Но дух стремительного движения, принятый дивизией на марше, воля к сближению с противником помогли справиться с этой задачей. Переправа прошла с малыми потерями, - настолько стремительно и смело была она проведена. Люди грузились на баржи, паромы, лодки. "Готово?" - спрашивали гребцы. "Вперёд, полный!" - кричали капитаны катеров, и серенькая подвижная полоска зыбкой воды между бортом, и берегом вдруг начинала расти, шириться, волна тихо поплёскивала у носа судёнышка, и сотни глаз напряжённо, внимательно глядели то на воду, то на поросший, начавший желтеть листвой низовой берег, то туда, где в беловатой дымке высился сожжённый город, принявший жестокую и прекрасную судьбу. Баржи колыхались на волне, и людям стрелковой дивизии становилось страшно оттого, что враг всюду, в небе и на берегу, а они встречаются с ним, не чувствуя успокаивающей прочности земли под ногами. Невыносимо прозрачен и чист был воздух, невыносимо ясно синее небо, безжалостно ярким казалось солнце, обманчиво неверной текучая мутная вода. И никого не радовало, что воздух чист, что ноздри ощущают речную прохладу, что воспалённых от пыли глаз касается нежная влажность дыхания Волги. На баржах, паромах, катерах и лодках молчали. О, почему не стоит над рекой душная и густая земная пыль! Почему так прозрачен и тонок голубоватый дымок горящих шашек! Головы тревожно поворачивались, все глядели на небо.
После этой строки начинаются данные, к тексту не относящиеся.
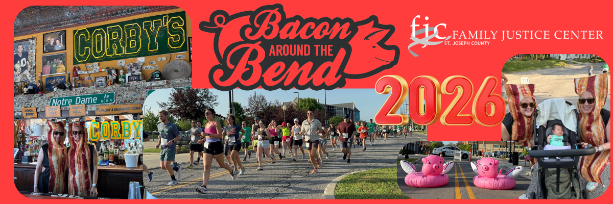 Join the Family Justice Center on Saturday, June 27, 2026 for the 9th annual Bacon Around the Bend 5k! This scenic downtown 5k will once again feature our famous BACON STATION at the halfway point along the route. All finishers are invited to celebrate their achievement with post-race bacon-themed snacks at a finish line party hosted at Corby's Irish Pub. Participants over the age of 21 will also have the opportunity to toast their achievement with festive libations including our signature Bacon Bloody Mary.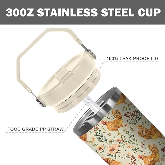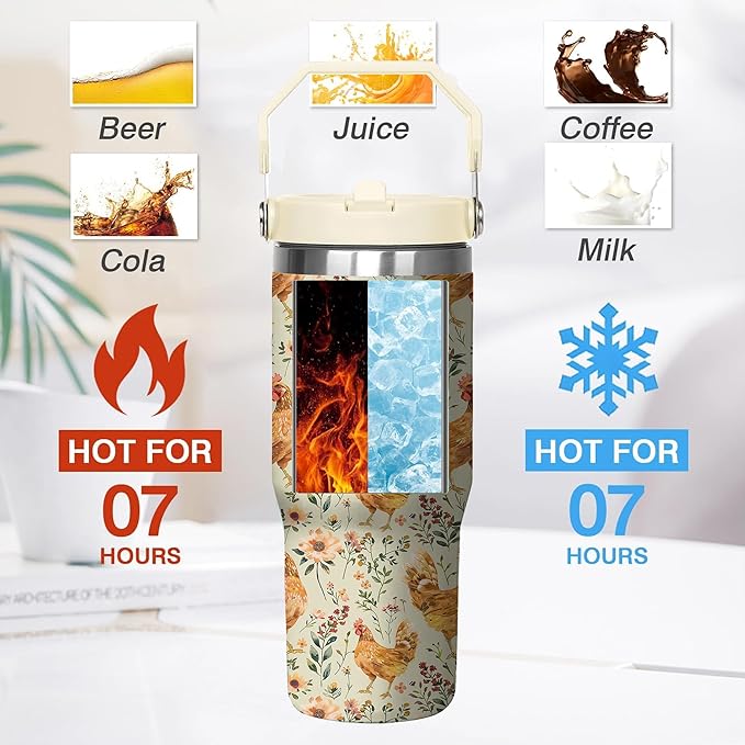 - Tumbler Cup Excellent insulation: Our chicken 30 oz tumbler with handle made of high-grade stainless steel and vacuum insulation technology, it effectively maintains the temperature of drinks. Whether it is boiling hot coffee or cool ice water, it can maintain the original temperature for a long time, allowing you to enjoy the ideal drink taste at any time.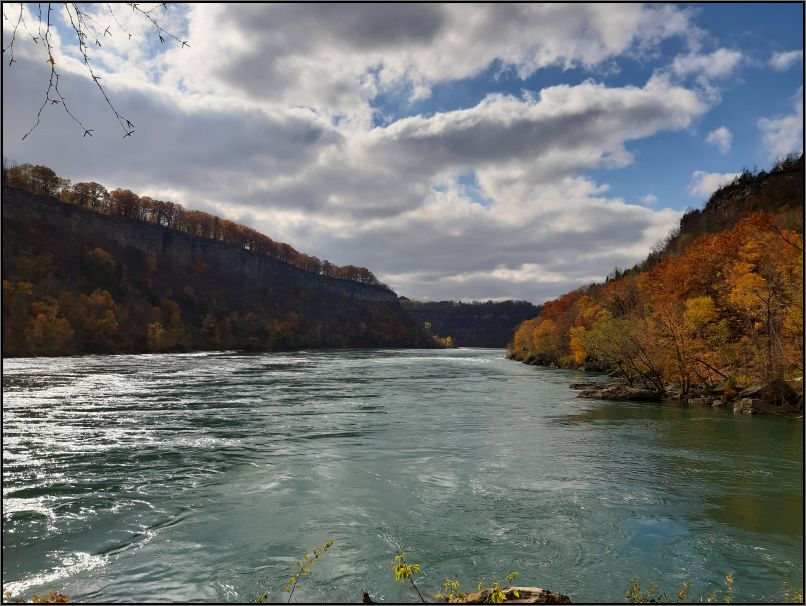 We stopped several times along our trail to marvel at the tempestuous waters, the boulders, and the American shore. Two countries, one river! I suddenly realized how close we are to the neighbouring country: U.S.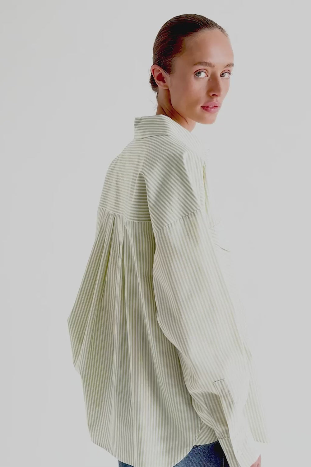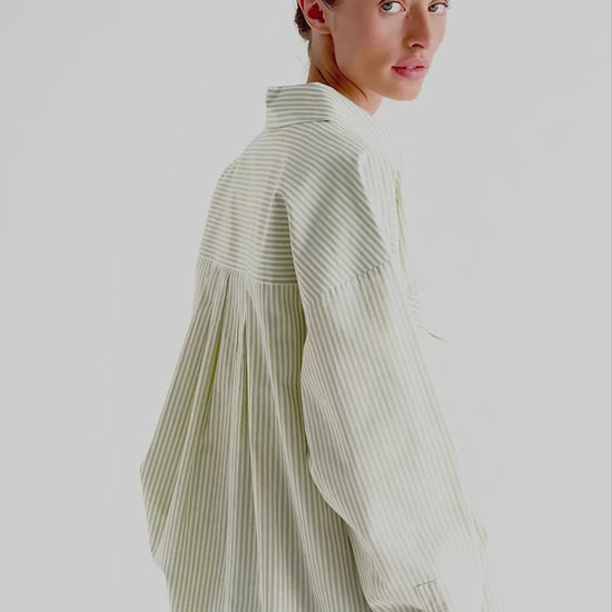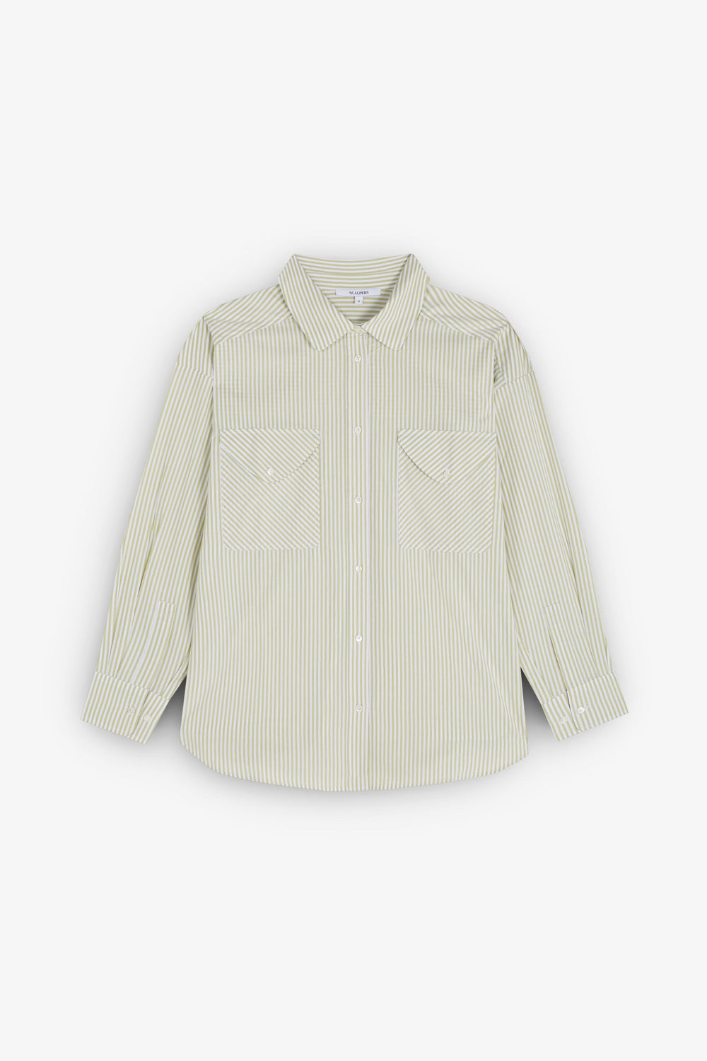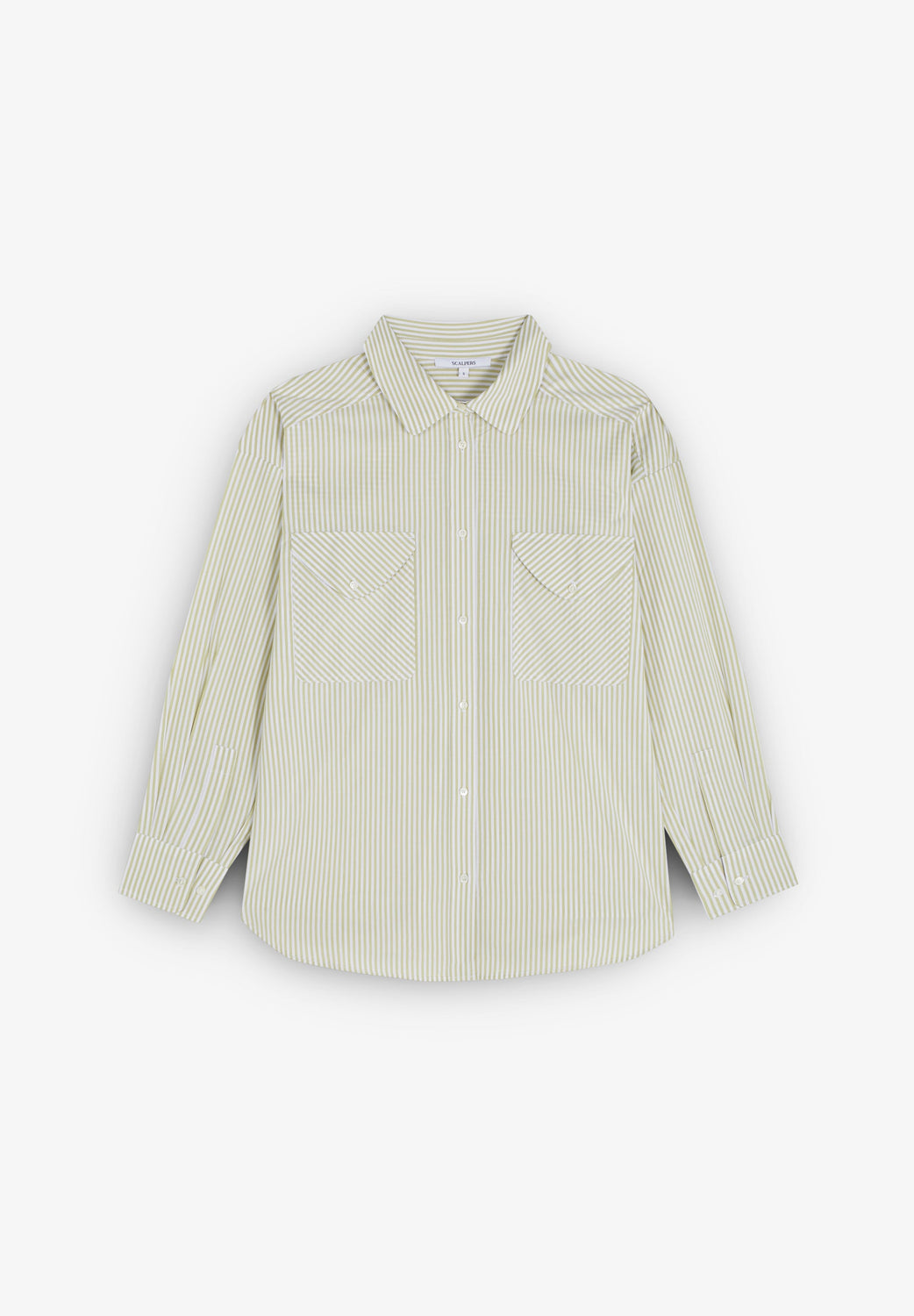 Striped shirt with front pockets. Oversize fit. Made of 100% cotton. Lapel collar. Front button fastening. Long sleeves with buttoned cuffs. Front chest flap pockets.
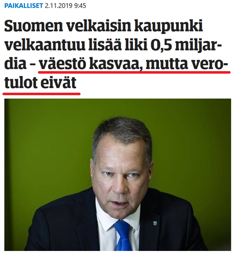 <-- Eli Espoon entisen kaupunginjohtajan sanoin: "Väestö kasvaa, mutta verotulot [per henkilö] eivät".

- Пикирует, паразит! - крикнул кто-то.
Метрах в пятидесяти от баржи вдруг выгнало из воды высокий и тонкий голубовато-белый столб с рассыпчатой вершиной. Столб обвалился, обдав людей обильными брызгами, наплескав водой на дощатую палубу. И тотчас ещё ближе вырос и обрушился второй столб, за ним - третий. А в это время немецкие миномётчики открыли беглый огонь по начавшей переправу дивизии. Мины рвались на поверхности воды, и Волга покрывалась рваными пенными ранами, осколки застучали по бортам баржи; тихо вскрикивали раненые, так тихо, словно старались скрыть ранение от друзей, врагов, самих себя. А тут уж засвистели над водой винтовочные пули.
Был страшный миг, когда тяжёлая мина ударила в борт небольшого парома, блеснуло пламя, тёмным дымом закрыло паром, послышался звук взрыва и протяжный, точно родившийся из этого грохота, людской вскрик. И тотчас тысячи людей увидели, как среди покачивающихся на воде древесных обломков зеленеют тяжёлые стальные каски плывущих. Двадцать гвардейцев из сорока на пароме погибли.
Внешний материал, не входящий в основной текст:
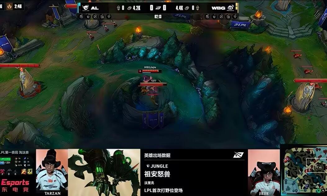 继昨天的辅助冰鸟后,今天又出场了打野狼人。第一条小龙团Jiejie狼人遭到逮捕,接下来Xiaohu也被锤石勾到击杀。但Jiejie的狼人走的是肉装路线,第三条小龙团Shanks岩雀失误挡住自家先锋撞塔,WBG拿到小龙后在野区开团,狼人大招定人后定点秒杀,WBG大获全胜。大龙刷新后WBG打出0换3开动大龙,随后又拿下火龙魂,WBG一波结束比赛,3-1战胜AL晋级败者组决赛!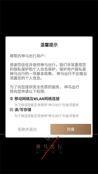 1、打开神马出行软件,弹出温馨提示权限申请弹窗,点击弹窗中的同意按钮。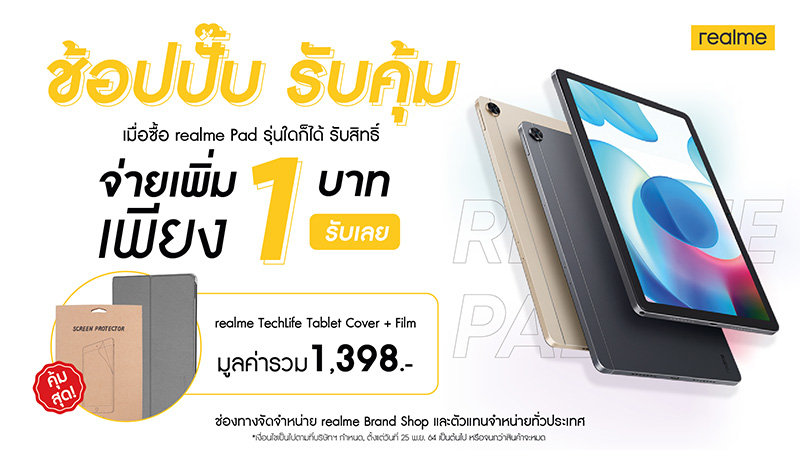 โปรพิเศษสุดปัง “ช้อปปั๊บ รับคุ้ม” ซื้อ realme Pad ทุกรุ่น เพิ่มเงิน 1 บาท รับเคสสุดหรูและฟิลม์กันรอย
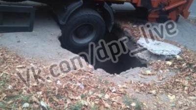 В Калининском районе неподконтрольного Украине Донецка мусоровоз провалился под асфальт. Об этом сообщают очевидцы в социальных сетях.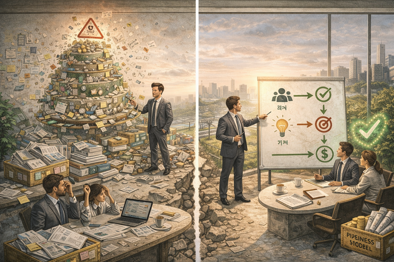 비즈니스 모델링까지 정리되면 기획은 어느 정도 완성된 것처럼 보인다. 구조와 흐름이 잡히고, 설명도 가능해진다. 그런데 이 시점에서 자주 생기는 문제는 모델이 점점 ‘좋아 보이기’ 시작한다는 점이다. 정리가 진행될수록 사람들은 더 많은 요소를 담으려 한다. 설명을 보완하고, 항목을 추가하고, 예외 상황까지 반영하다 보면, 처음에는 정리를 위해 시작한 작업이 어느새 지나치게 세분화된 작업으로 바뀐다. 그 결과 비즈니스 모델은 더 촘촘해지지만, 실행 가능성은 오히려 떨어진다.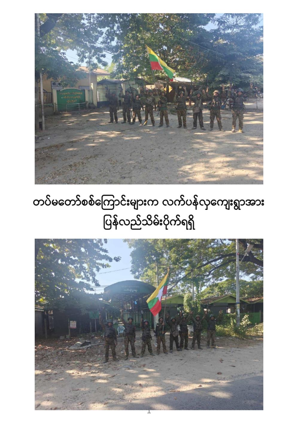 ထို့ကြောင့် တပ်မတော်စစ်ကြောင်းများက အဆိုပါဒေသများ တည်ငြိမ်အေးချမ်းရေး၊ ယာယီနေရပ်စွန့်ခွာပြည်သူများ ၎င်းတို့၏နေရပ်သို့ ပြန်လည်အခြေချနေထိုင်နိုင်ရေး၊ စက်ရုံ၊ အလုပ်ရုံများ ပြန်လည်ဖွင့်လှစ်နိုင်ရေးနှင့် နိုင်ငံစီးပွားတိုးတက်ရေး အထောက်အကူပြုသည့် မြေပေါ်/မြေအောက်သယံဇာတများ ပြန်လည်ဆောင်ရွက်နိုင်ရေးတို့အတွက် လိုအပ်သည့် ပြင်ဆင်စုဖွဲ့မှုများဆောင်ရွက်ပြီး အကြမ်းဖက်ချေမှုန်းမှုစစ်ဆင်ရေး (Counter-Terrorism Operation)ကို ဆောင်ရွက်ခဲ့ရာ အကြမ်းဖက်သောင်းကျန်းသူပူးပေါင်းအဖွဲ့များ ယာယီစိုးမိုးထားသည့် မန္တလေးတိုင်းဒေသကြီး၊ သပိတ်ကျင်းမြို့နှင့် ၎င်းဒေသတစ်ဝိုက်အား ၂၀၂၅ ခုနှစ်၊ ဇူလိုင်လ ၂၃ ရက်တွင်လည်းကောင်း၊ မတ္တရာမြို့နယ်ရှိ ဖယောင်းတောင် သတ္တုတွင်းဒေသအား ဩဂုတ်လ ၂၄ ရက်တွင်လည်းကောင်း၊ အယ်လ်ဖာ ဘိလပ်မြေစက်ရုံတစ်ဝိုက်အား ဩဂုတ်လ ၂၈ ရက်တွင်လည်းကောင်း၊ ဆည်တော်ကြီးကျေးရွာနှင့် ရေလှောင်တမံအား နိုဝင်ဘာလ ၇ ရက်တွင်လည်းကောင်း အဝေးရောက်ဒေသခံပြည်သူများ၏ စစ်ရေးသတင်းပေးကူညီမှုများဖြင့် တစ်နေရာပြီး တစ်နေရာအား ပြန်လည်သိမ်းပိုက်ထိန်းချုပ်နိုင်ခဲ့သည်။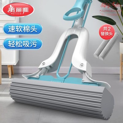美丽雅拖把免手洗海绵拖把懒人对折挤水家用吸水胶棉拖布28cm共2个拖头(zhyghf_9812059290)SKU:yzwhyp889235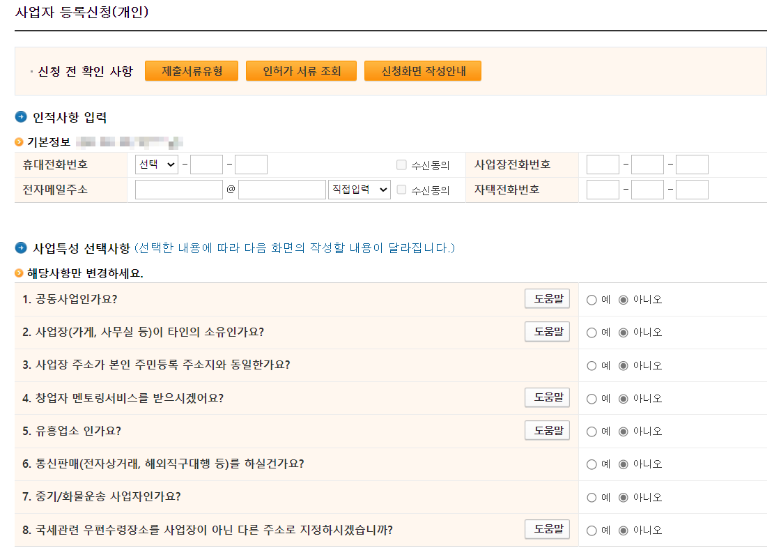 인적사항 입력란의 기본정보 입력 / 사업특성 선택사항 체크

И правда, страшен был этот миг, когда гвардейская дивизия, сильная, как Илья Муромец, не смогла помочь двадцати раненым, ушедшим под воду.
Ночью переправа продолжалась; и никогда, пожалуй, сколько существуют свет и тьма, люди так не радовались мраку сентябрьской ночи.
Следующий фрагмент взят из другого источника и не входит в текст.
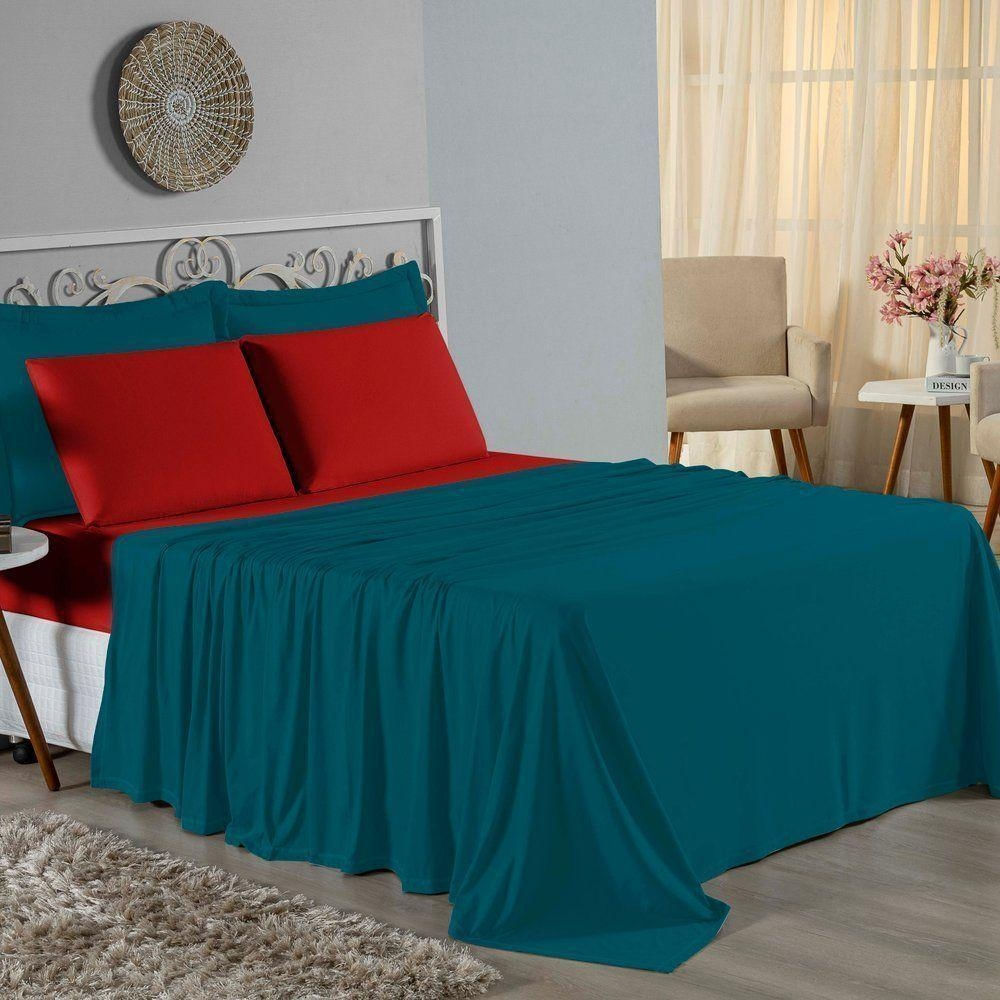 Jogo De Cama Solteiro Nobre 3 Peças Lençol Com Elástico De 30cm De Altura Malha 100% Algodão - Petróleo / Vermelho

Генерал Родимцев провёл эту ночь в напряжённой деятельности. За время войны Родимцеву пришлось пройти через много испытаний. Его дивизия дралась под Киевом, она выбивала из Сталинки прорвавшиеся эсэсовские полки, она не раз разбивала кольцо окружения, переходя от обороны к бешеным атакам. Темперамент, сильная воля, спокойствие, быстрота реакции, уменье наступать, когда всякому другому кажется, что о наступлении мечтать нельзя, тактическая опытность и осторожность, сочетающиеся с тактическим и личным бесстрашием, - черты военного характера молодого генерала. И характер генерала стал характером его дивизии.
Мне часто приходилось встречать в армии больших патриотов своего полка, батареи, танковой бригады. Но нигде, пожалуй, не видел я такой привязанности, такого патриотизма, как здесь. Он носит трогательный и подчас несколько смешной характер. В дивизии гордятся, конечно, в первую очередь своими боевыми делами, гордятся своим генералом, своей техникой. Но если послушать командиров, то нигде нет такого повара, умеющего мастерски печь пирожки, такого парикмахера, как Рубинчик, который не только замечательно бреет, но и артистически играет на скрипке. "О, наша дивизия!" - только и слышишь во время разговоров. Когда кого-нибудь хотят пристыдить, говорят: "Что ты, ей-богу, делаешь, ведь в нашей-то дивизии…" Часто также слышишь: "Вот скажу генералу… генерал будет доволен, генерал будет огорчён". Ветераны, "фундаторы", как они себя называют, рассказывая о больших военных делах, обязательно вставят в разговор: "Да уж так повелось, наша дивизия всегда дерётся на самых ответственных участках". Раненые в госпиталях беспокоятся, как бы их не отправили в другую часть, пишут письма товарищам, а по выздоровлении часто проделывают долгий и трудный путь, лишь бы разыскать свою дивизию.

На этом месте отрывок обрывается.